Conclusions and Outlook

Hematopoietic stem cells maintain hematopoiesis through tightly regulated layers of self-renewal, differentiation, and cell death during the entire life span of vertebrates. Nevertheless, programmed telomere shortening as a hallmark of replicative senescence occurs in HSCs, which is not completely understood, since conventional correlations between telomere maintenance and telomerase activity appear to be only partially valid in these cells. Importantly, telomerase activity and telomere dynamics seem to play a different role in embryonic stem cells compared to adult stem cells. Although stem cell proliferation generally allows for tissue repair and regeneration, it also bears the risk of cancer, which is impaired by tumor suppressor mechanisms, either eliminating potential cancer cells by apoptosis or limiting their proliferation by senescence. Apparently, factors ensuring stem cell proliferation as a prerequisite of relative longevity must be well balanced with mechanisms that prevent cancer (reviewed in Beausejour and Campisi 2006). In this context, coexistence of telomerase expression - maybe here rather as an antiapoptotic factor - and telomere shortening might appear less contradictory in the hematopoietic stem cell compartment.

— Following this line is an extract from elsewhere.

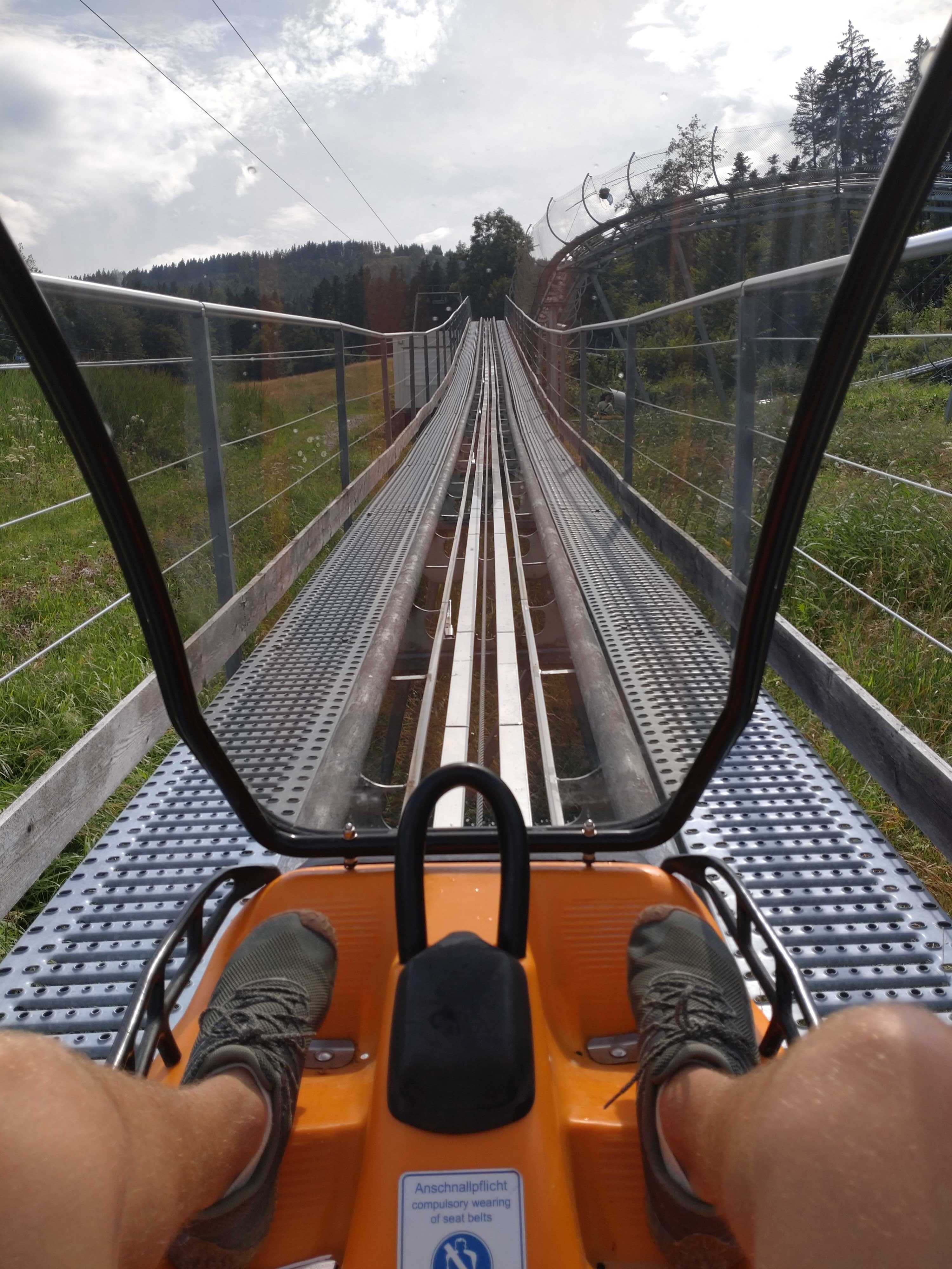 Mit bis zu 40 km/h den Berg hinunter! Doch bevor es runter geht, müssen wir hoch hinauf. Gemeinsam besteigen wir den Blomberg und genießen das großartige Voralpenpanorama. Nach einer Stärkung am Gipfel geht es weiter zum Blombergblitz, einer schienengeführten Sommerrodelbahn, auf der wir es so richtig krachen lassen können!

The paucity of markers for cellular senescence makes it difficult to evaluate the relevance of this phenomenon for in vivo aging - not only in stem cells. Most recently the combinatory use of three biomarkers (telomere dysfunction, activation of the ATM DNA-damage response, and heterochromatinization of the nuclear genome) in aging baboons provided evidence that senescent cells exist in vivo and can account for more than 15% of skin fibroblasts in aged animals (Herbig et al. 2006). Whether the stem cell compartment is affected to the same extent remains elusive. Hence, the identification of further senescence markers could facilitate a better monitoring of senescence phenotypes in vivo, not least in hematopoietic stem cells. Furthermore, elucidating the particular mechanisms of telomerase expression and telomere maintenance in HSCs might contribute to strategies which focus on rejuvenation of stem cell populations for gene therapy and transplantation and the repopulation capacity of HSC after myelo-ablative therapies.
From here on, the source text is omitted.